▸ EXERCISE GOAL
Print the listing below again, exactly. Skip the pictures.

▸ INFORMATION PROVIDED
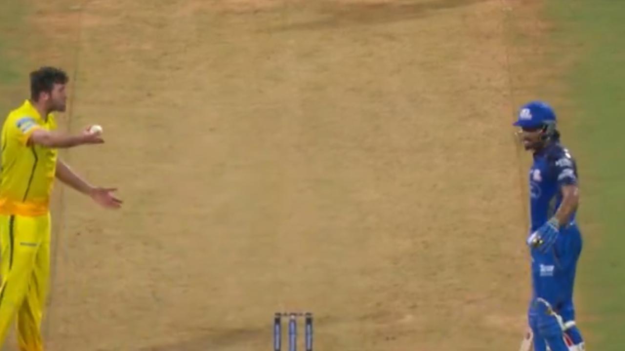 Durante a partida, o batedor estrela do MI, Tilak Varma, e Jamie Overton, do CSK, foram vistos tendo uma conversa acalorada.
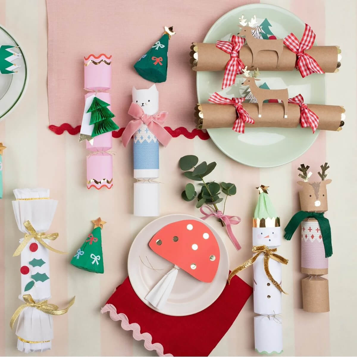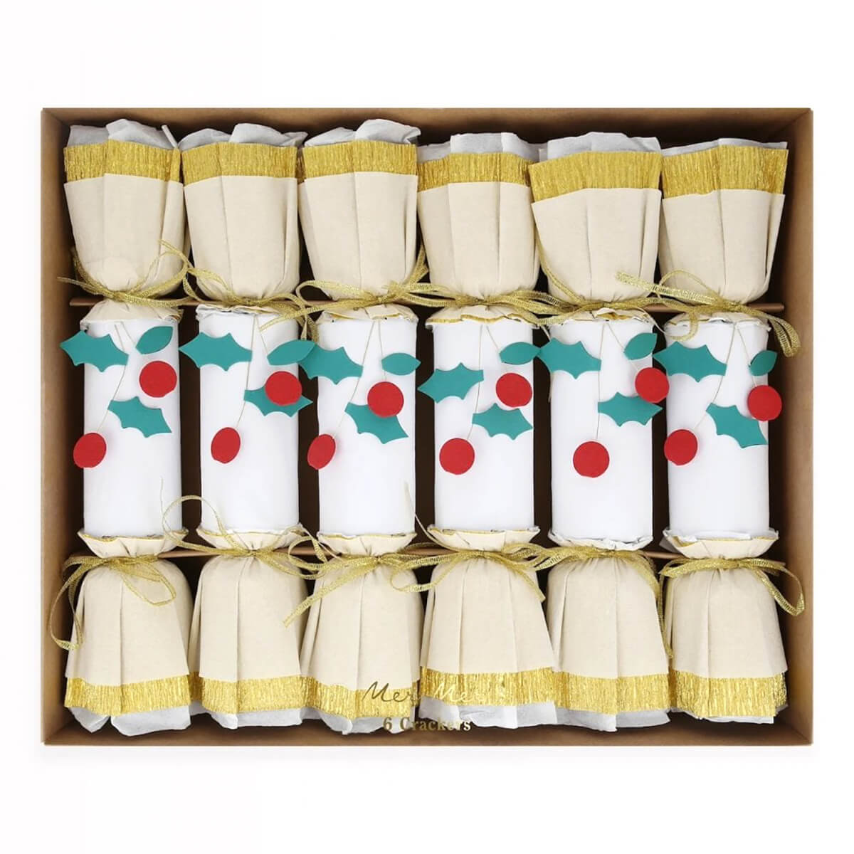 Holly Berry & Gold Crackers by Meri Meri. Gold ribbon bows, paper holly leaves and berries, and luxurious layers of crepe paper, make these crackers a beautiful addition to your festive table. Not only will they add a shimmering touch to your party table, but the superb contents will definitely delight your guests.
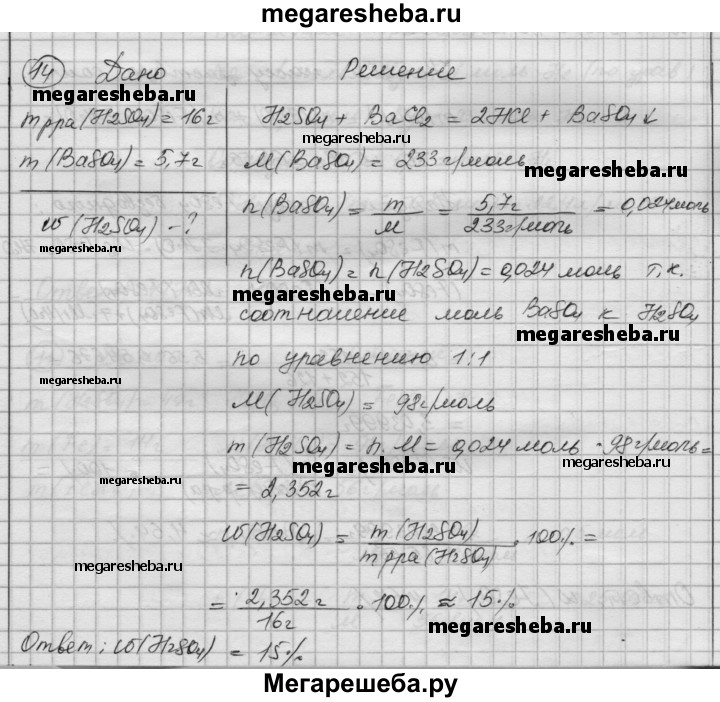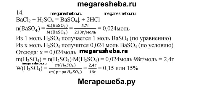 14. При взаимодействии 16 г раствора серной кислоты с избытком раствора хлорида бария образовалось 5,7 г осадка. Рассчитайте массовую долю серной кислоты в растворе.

▸ TASK OUTPUT
 Durante a partida, o batedor estrela do MI, Tilak Varma, e Jamie Overton, do CSK, foram vistos tendo uma conversa acalorada.
 Holly Berry & Gold Crackers by Meri Meri. Gold ribbon bows, paper holly leaves and berries, and luxurious layers of crepe paper, make these crackers a beautiful addition to your festive table. Not only will they add a shimmering touch to your party table, but the superb contents will definitely delight your guests.
 14. При взаимодействии 16 г раствора серной кислоты с избытком раствора хлорида бария образовалось 5,7 г осадка. Рассчитайте массовую долю серной кислоты в растворе.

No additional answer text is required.